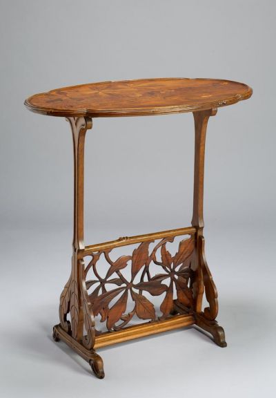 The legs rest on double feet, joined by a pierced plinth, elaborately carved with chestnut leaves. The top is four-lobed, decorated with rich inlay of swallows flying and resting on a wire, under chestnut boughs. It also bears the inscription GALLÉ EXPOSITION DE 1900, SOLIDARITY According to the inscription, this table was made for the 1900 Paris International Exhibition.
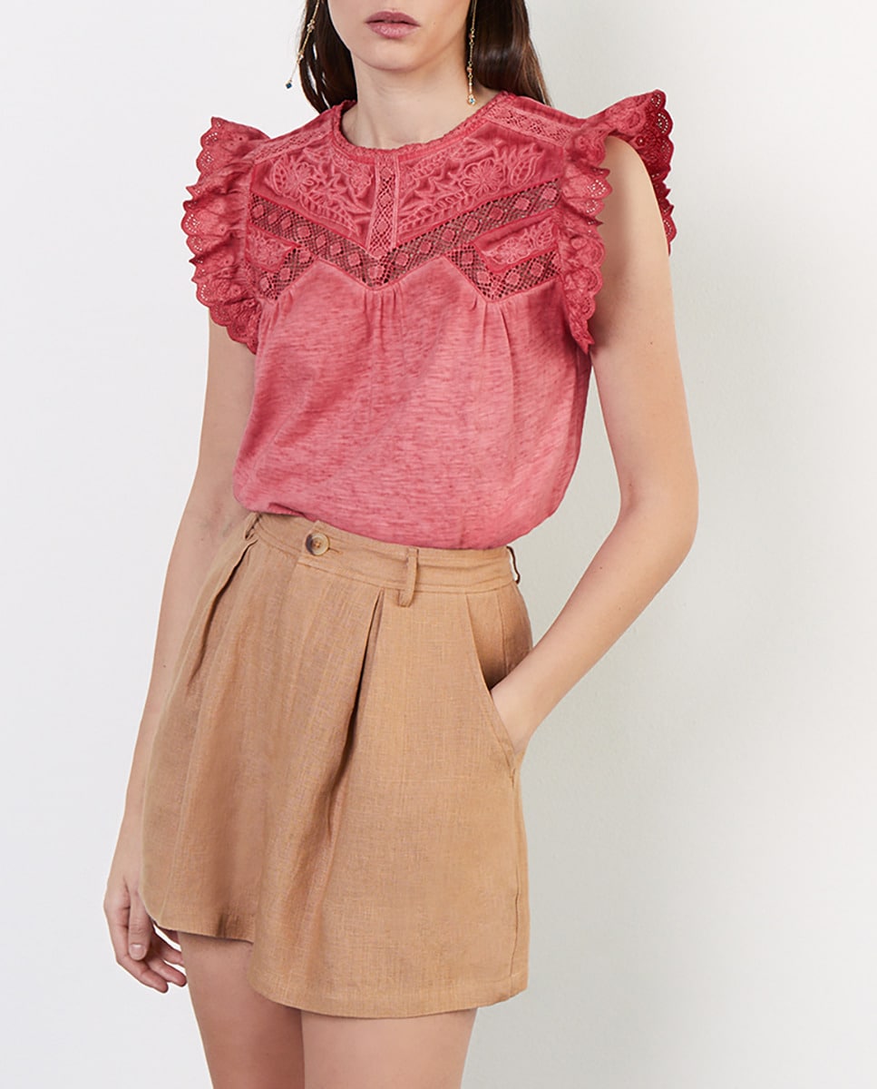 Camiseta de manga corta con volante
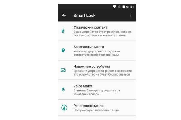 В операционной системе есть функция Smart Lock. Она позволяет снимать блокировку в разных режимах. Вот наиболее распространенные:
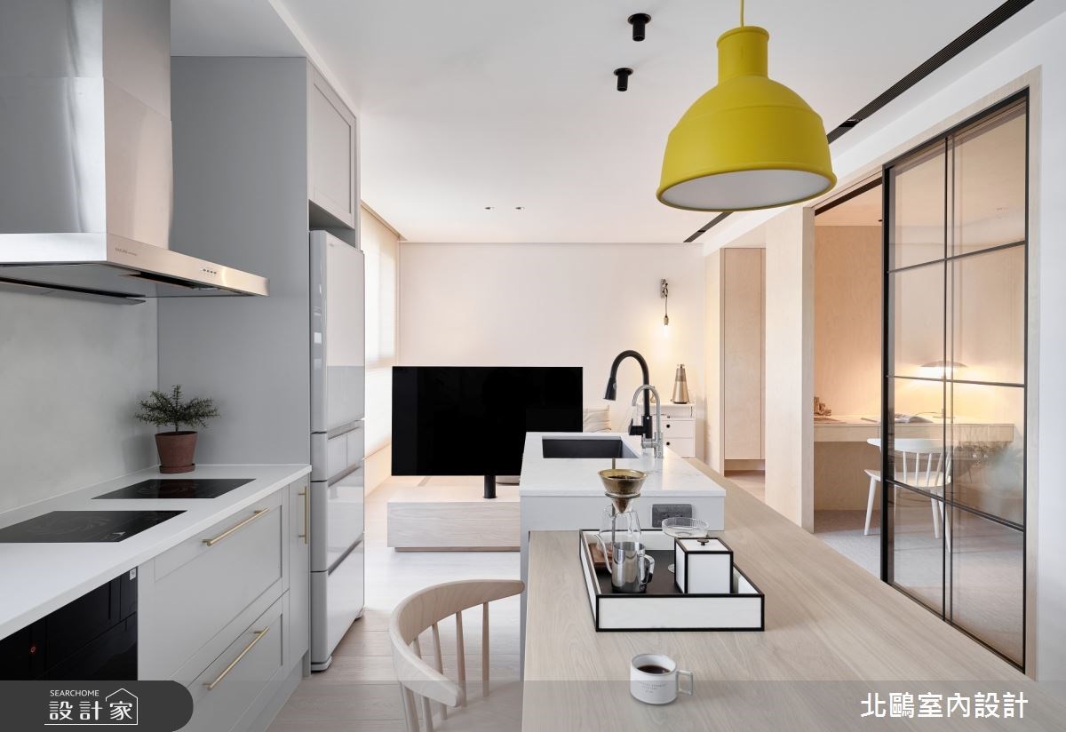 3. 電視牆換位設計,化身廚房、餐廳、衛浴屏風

====

Please retype the whole listing above exactly, without any of its images.

 The legs rest on double feet, joined by a pierced plinth, elaborately carved with chestnut leaves. The top is four-lobed, decorated with rich inlay of swallows flying and resting on a wire, under chestnut boughs. It also bears the inscription GALLÉ EXPOSITION DE 1900, SOLIDARITY According to the inscription, this table was made for the 1900 Paris International Exhibition.
 Camiseta de manga corta con volante
 В операционной системе есть функция Smart Lock. Она позволяет снимать блокировку в разных режимах. Вот наиболее распространенные:
 3. 電視牆換位設計,化身廚房、餐廳、衛浴屏風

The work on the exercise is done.